Segment Start: COLLECTED DATA

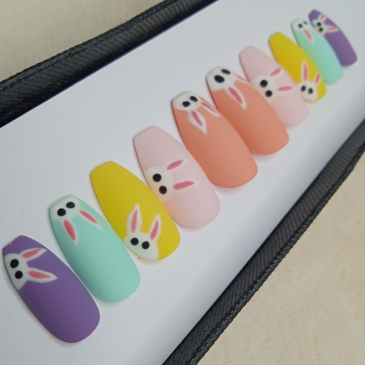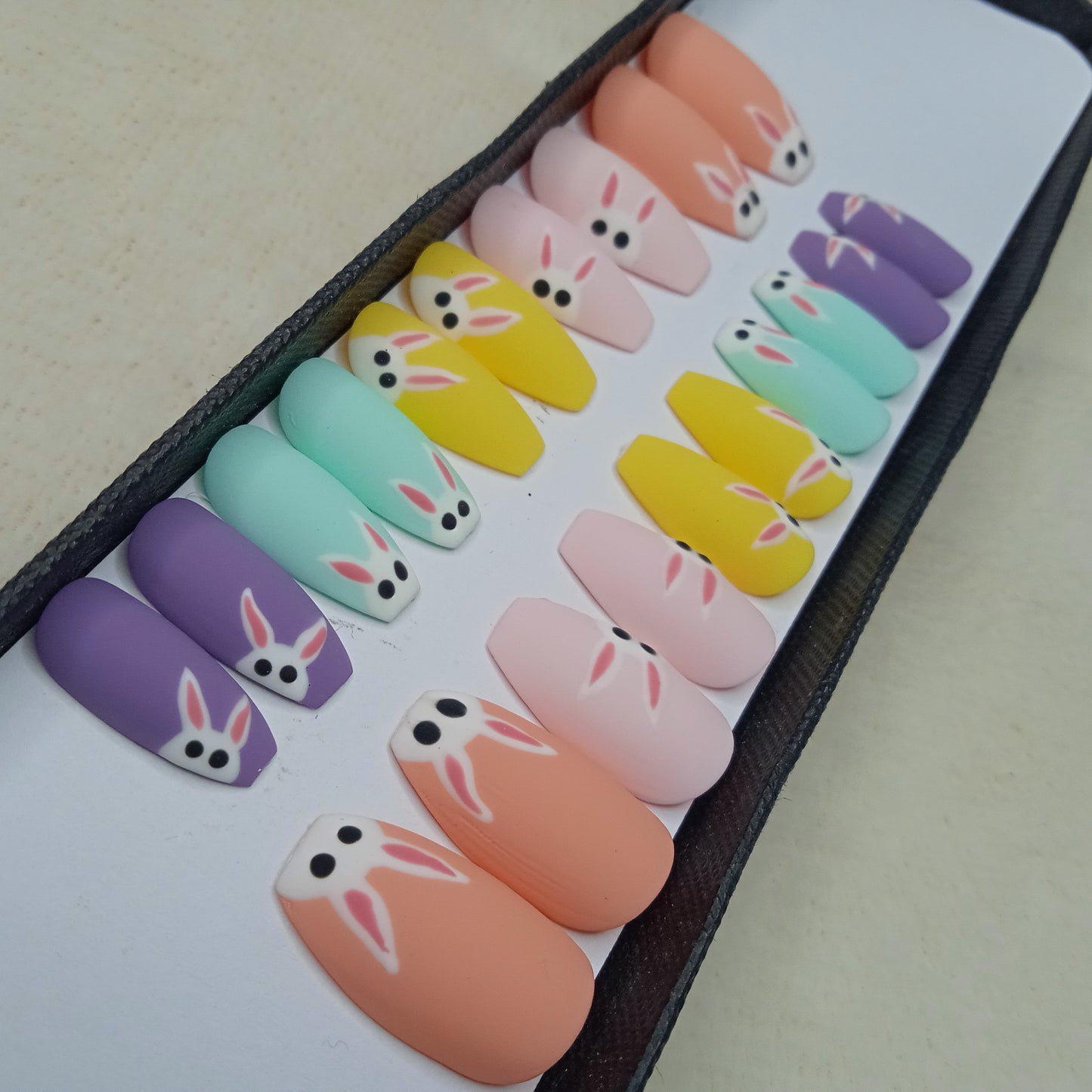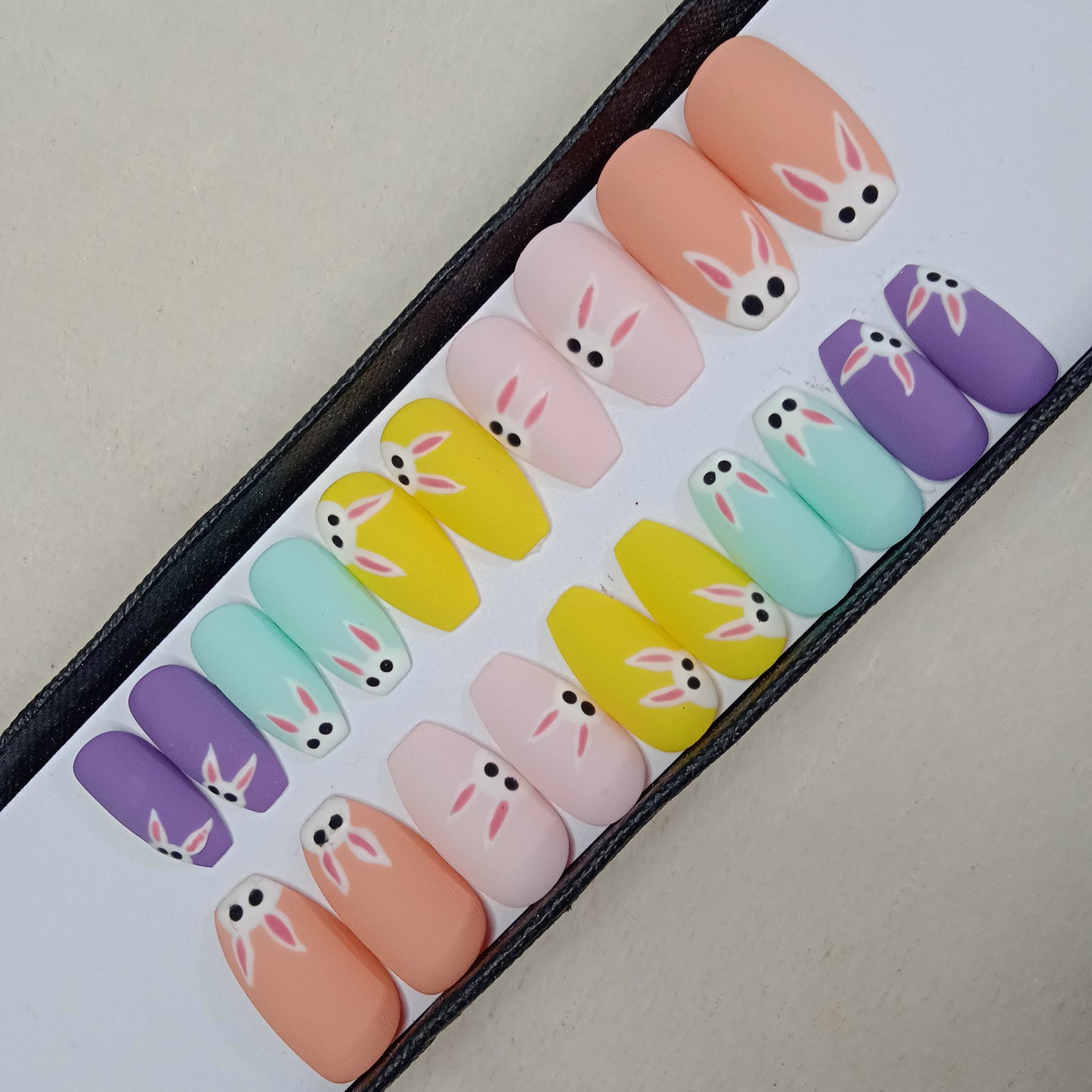 Matte Colorful Cute Bunny Print Press on Nails Set //892
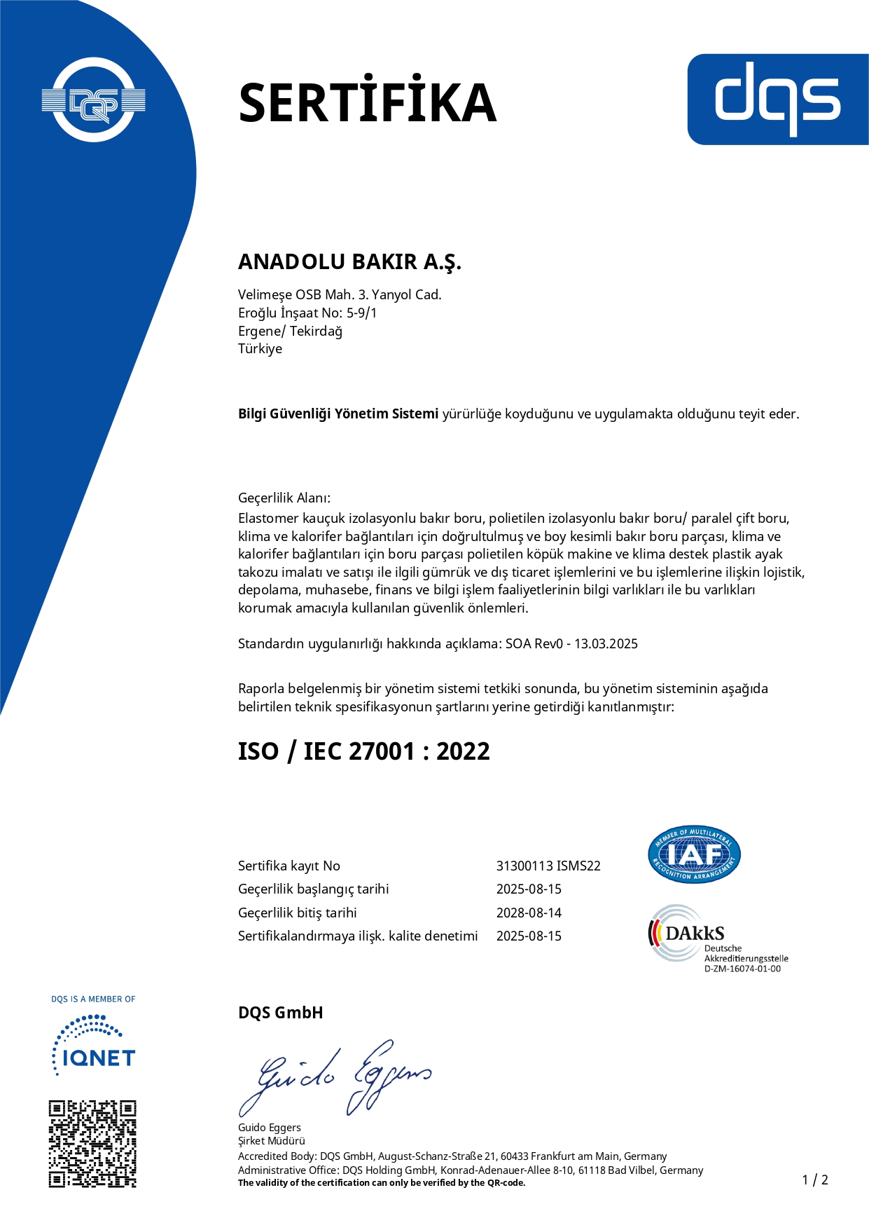 ERA 2200-0003 Kalite Yönetim Sertifikası Çevre Yönetim Sistemi Sertifikası İş Sağlığı Güvenliği Yönetim Sertifikası Bilgi Güvenliği Yönetim Sistem Sertifikası M1 Sertifika UL-723 RAPOR
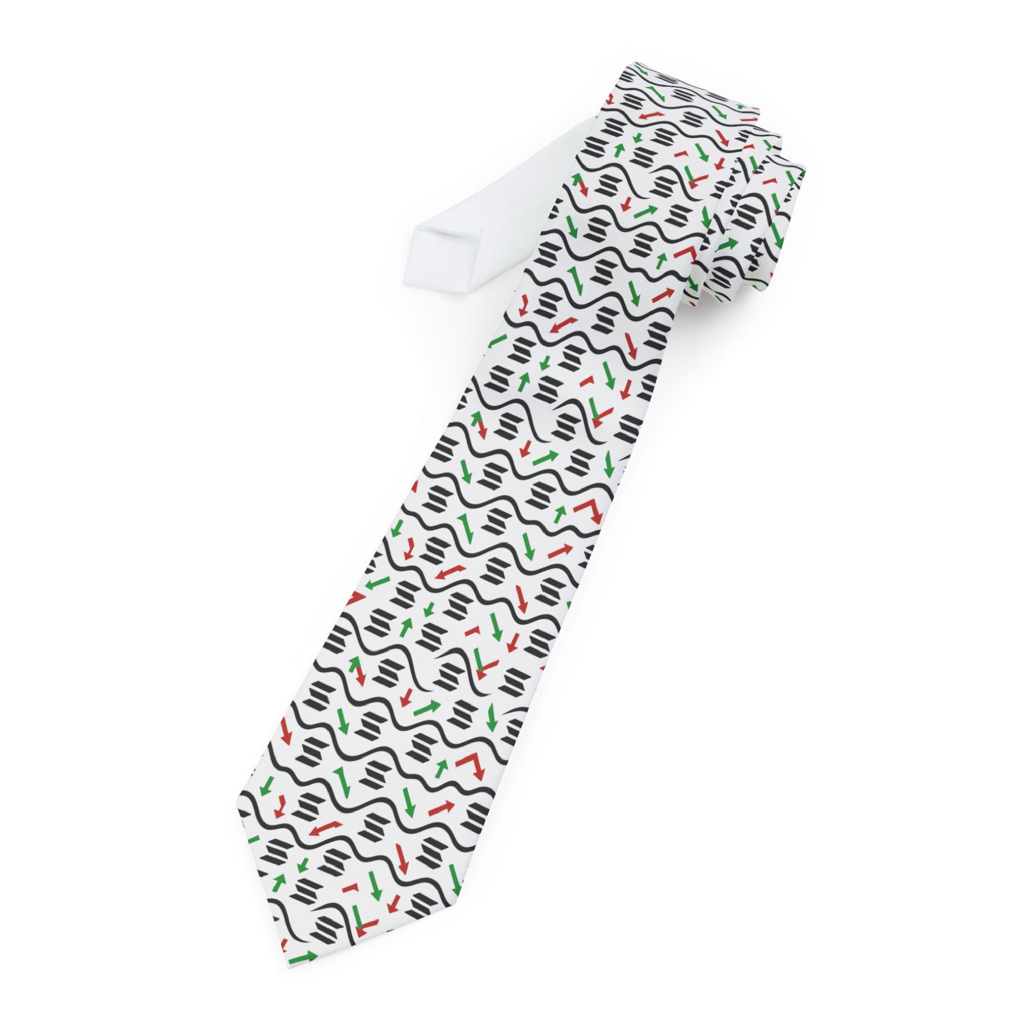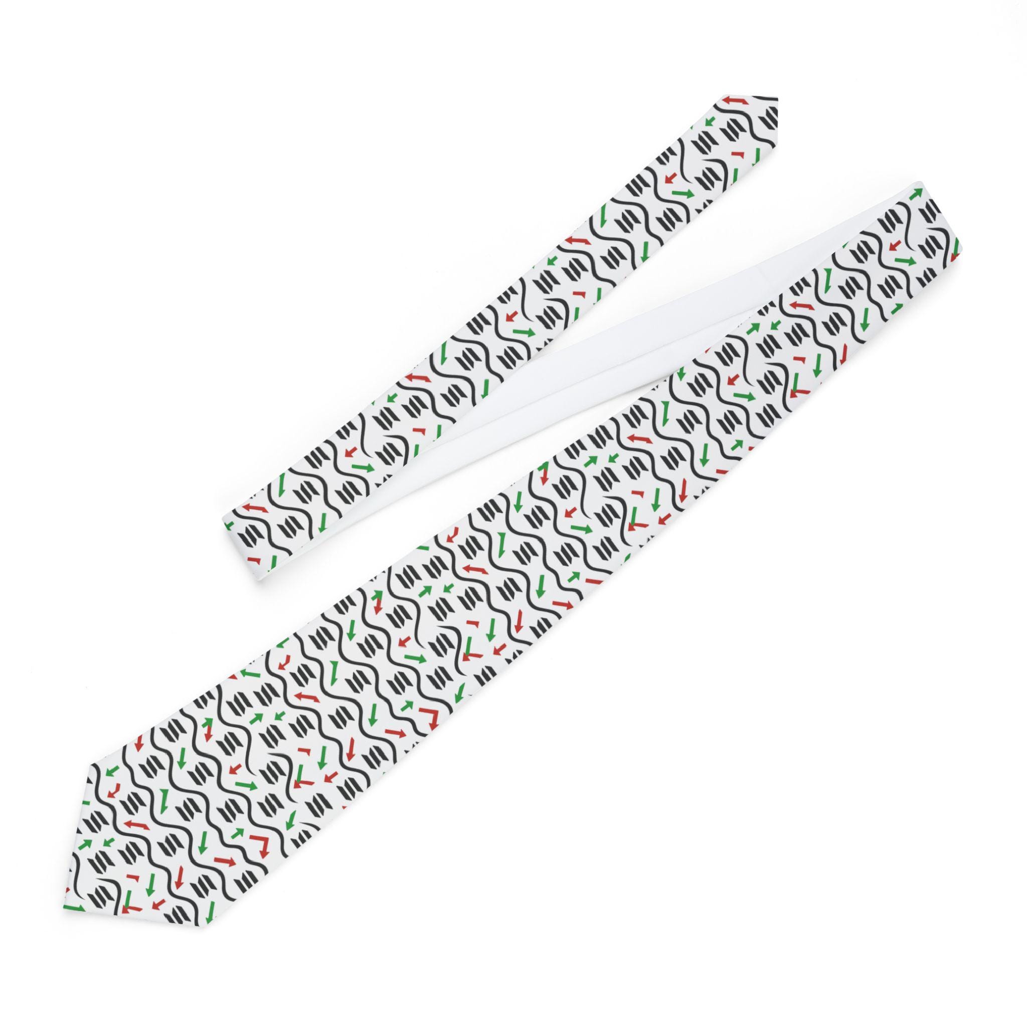 A slim, modern necktie that brings playful rhythm to wardrobe staples. Lightweight with a soft satin finish, the tie shows a repeating graphic of wavy black lines punctuated by small red and green accents on a clean white ground. It sits close to the neck, keeps its shape through the day, and slips neatly through the keeper loop so the tail stays hidden. Wear it to lift a simple dress shirt, add personality to semi-formal looks, or layer under a textured blazer for a fresh, artful touch.
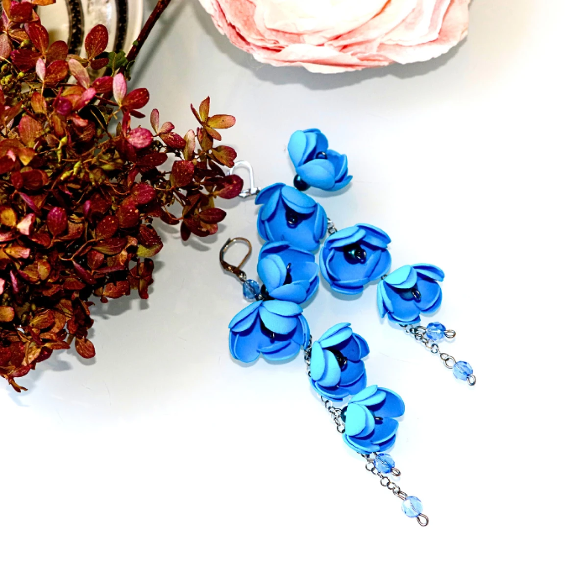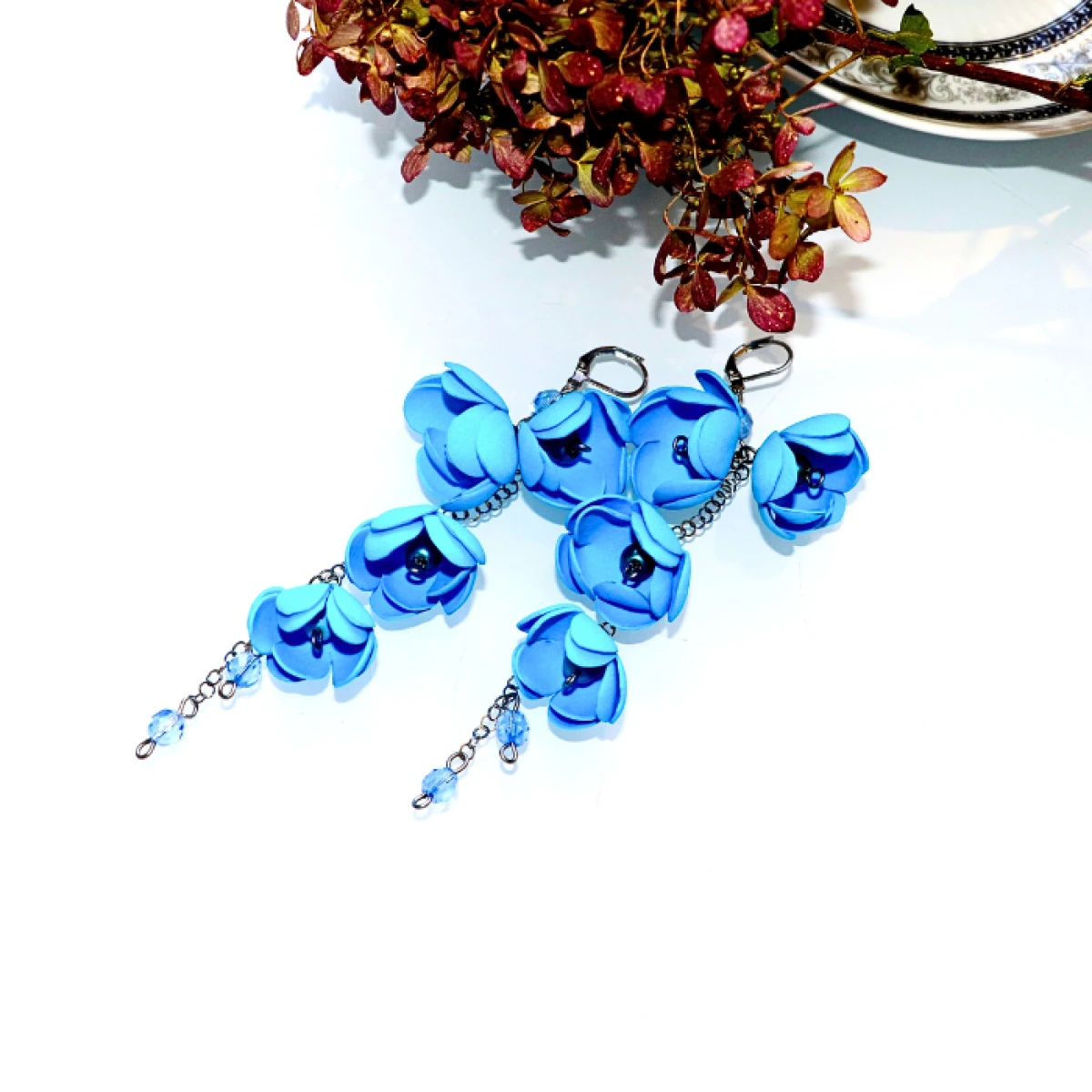 Te efektowne, długie kolczyki kwiatowe w odcieniach błękitu i lazuru to idealna propozycja dla kobiet ceniących biżuterię romantyczną, a zarazem nowoczesną. Każdy kwiat został ręcznie uformowany z niezwykle lekkiej pianki (foamiranu), co sprawia, że kolczyki są niemal niewyczuwalne podczas noszenia, mimo swojej imponującej długości.

Segment End: COLLECTED DATA

Each line above should be written out again exactly, and no picture should appear in the copy.

 Matte Colorful Cute Bunny Print Press on Nails Set //892
 ERA 2200-0003 Kalite Yönetim Sertifikası Çevre Yönetim Sistemi Sertifikası İş Sağlığı Güvenliği Yönetim Sertifikası Bilgi Güvenliği Yönetim Sistem Sertifikası M1 Sertifika UL-723 RAPOR
 A slim, modern necktie that brings playful rhythm to wardrobe staples. Lightweight with a soft satin finish, the tie shows a repeating graphic of wavy black lines punctuated by small red and green accents on a clean white ground. It sits close to the neck, keeps its shape through the day, and slips neatly through the keeper loop so the tail stays hidden. Wear it to lift a simple dress shirt, add personality to semi-formal looks, or layer under a textured blazer for a fresh, artful touch.
 Te efektowne, długie kolczyki kwiatowe w odcieniach błękitu i lazuru to idealna propozycja dla kobiet ceniących biżuterię romantyczną, a zarazem nowoczesną. Każdy kwiat został ręcznie uformowany z niezwykle lekkiej pianki (foamiranu), co sprawia, że kolczyki są niemal niewyczuwalne podczas noszenia, mimo swojej imponującej długości.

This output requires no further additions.